Yerkrapah leaders said over the weekend that the organization’s ruling board has not and will not urge its rank-and-file members to vote for any of the nine presidential candidates. “Yerkrapah is an apolitical structure and each of its members will vote by his own will,” a member of the board, Ara Ketikian, told RFE/RL.

Ketikian represents the Yerkrapah leadership’s minority wing which is affiliated with the opposition Hanrapetutyun (Republic) party and is strongly opposed to Kocharian. Most board members hold top positions in the Armenian military and are loyal to the current government. Their support was critical for Kocharian’s victory in a bitter power struggle in the Armenian leadership that followed the October 1999 parliamentary shootings.

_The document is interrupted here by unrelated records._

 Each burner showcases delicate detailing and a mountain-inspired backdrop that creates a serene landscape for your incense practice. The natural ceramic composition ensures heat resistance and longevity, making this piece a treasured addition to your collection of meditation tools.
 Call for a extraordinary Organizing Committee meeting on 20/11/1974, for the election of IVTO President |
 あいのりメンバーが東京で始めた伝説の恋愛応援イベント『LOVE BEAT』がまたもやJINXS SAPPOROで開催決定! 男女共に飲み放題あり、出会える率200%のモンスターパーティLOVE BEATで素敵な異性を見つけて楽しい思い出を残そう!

Among the victims of the massacre was Vazgen Sarkisian, the then prime minister and Yerkrapah’s charismatic founder. Sarkisian is revered by thousands of war veterans. Ketikian and his allies still suspect Kocharian of masterminding his assassination. But other Yerkrapah leaders led by the organization’s chairman, General Manvel Grigorian, believe that the suspicion is unfounded.

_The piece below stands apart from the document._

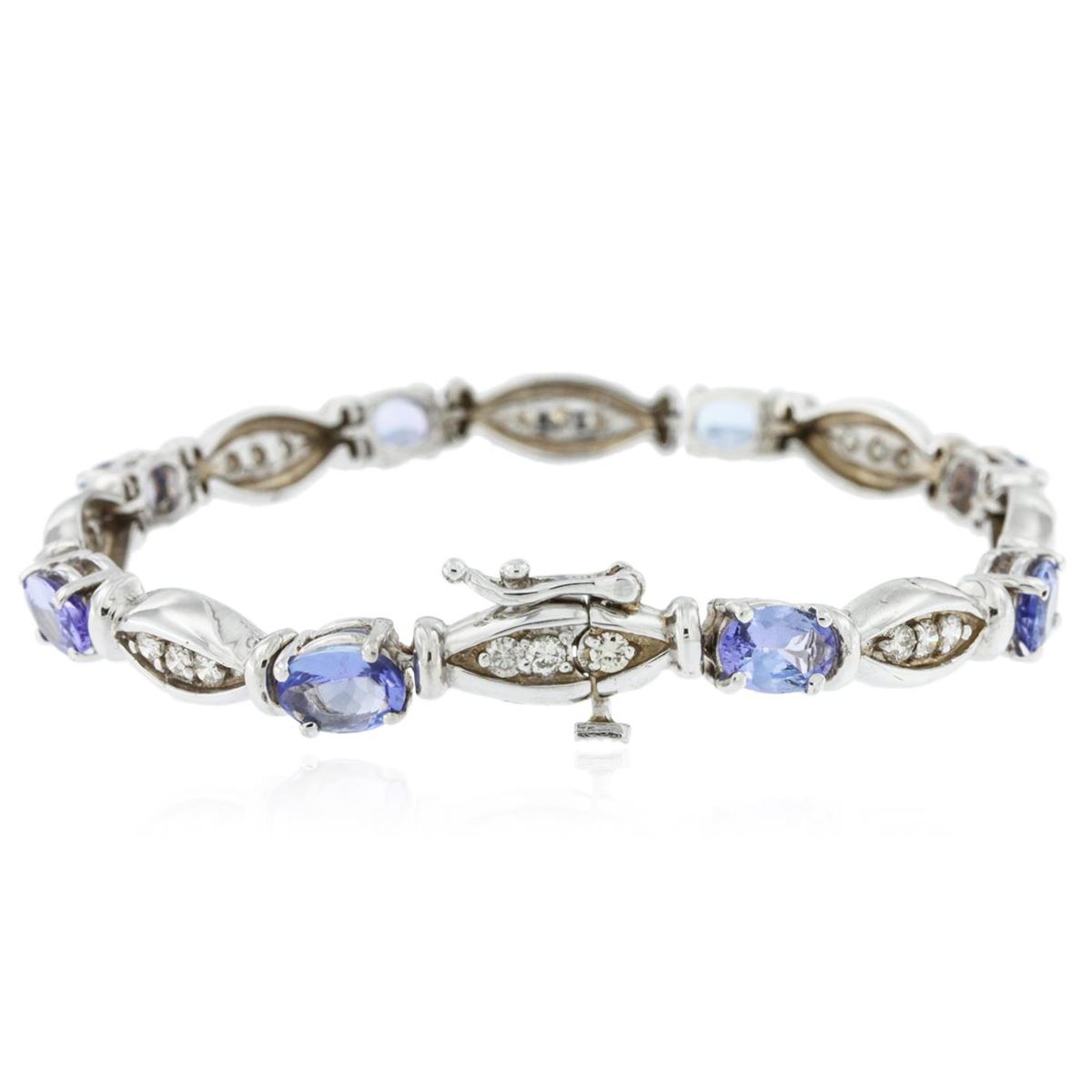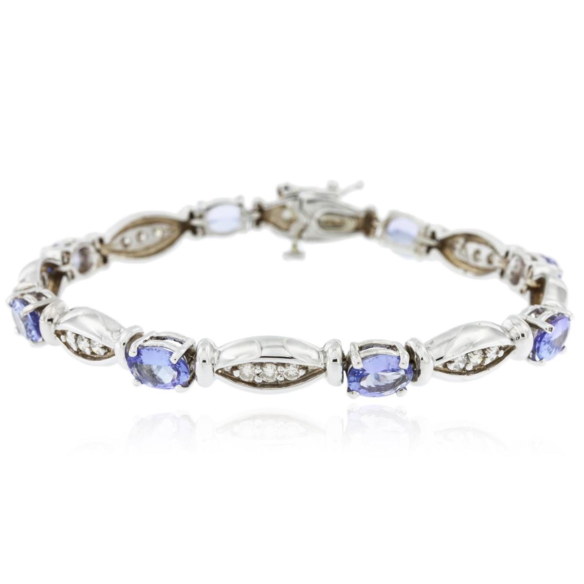 One electronically tested 14KT white gold Ladies combination cast & assembled fashion bracelet with a hidden box clasp with a high polish finish. Condition is new. Measurements: 6.75" in length. Identified with markings of "14K". Containing: Eight prong set oval modified mixed cut natural tanzanites, measuring 6.90 x 4.90 x 2.89mm, approximate. Total Weight of 5.36ct., clarity is eye clean, type I, medium light, very slightly grayish, violet color, (GIA V 4/3), cut is very good. Colored gemstones are presumed to have been subjected to commonly used color/clarity enhancement processes. Twenty-Four prong set round brilliant cut diamonds, measuring 2.00. - 2.00. x 1.20mm (depth est.) approximate. Total Weight of 24 Stones = 0.70ct. Clarity: SI-1 to SI-2. Color: I - J, Cut is Good. Total Weight of Colored Stones 5.36ct. Total Weight of Diamonds 0.70ct. Total Weight of Bracelet 16.60 grams. GGL Appraised at $10,500.00.

Grigorian avoided Saturday any reference to the upcoming elections as he addressed a meeting of several hundred military officers and war veterans dedicated to the 10th anniversary of the creation of the Fifth Volunteer Brigade that had helped the Karabakh Armenians defeat Azerbaijani force. Grigorian, who is also a deputy defense minister, instead urged Yerkrapah members to close the ranks and ignore “shallow promises” given by unspecified politicians.

“Do not entrust your faith, your unity and your independence to anyone. You should primarily trust your comrades-in-arms,” the general said without elaborating.

Grigorian also described the unresolved Karabakh conflict as the chief challenge facing Armenia and said Yerkrapah should guarantee a firm Armenian stand on the issue. “If we don’t stick to our cause, others will hardly do that,” he noted vaguely.

Yerkrapah used to play a large role in Armenian politics. It was, for example, used by the authorities for enforcing official results of the disputed presidential election of September 1996. During the last presidential election held in 1998 many of its members actively campaigned for Kocharian at Sarkisian’s urging. The union has lost much of its political clout since Sarkisian’s murder.

Ordinary war veterans attending Saturday’s gathering appeared to support the Yerkrapah board’s reluctance to fall in behind Kocharian or any other presidential candidate. One of them, Suren Sahakian, said: “Freedom fighters have never meddled in politics. Their mission is to protect the homeland. So please don’t draw us into your dirty games.”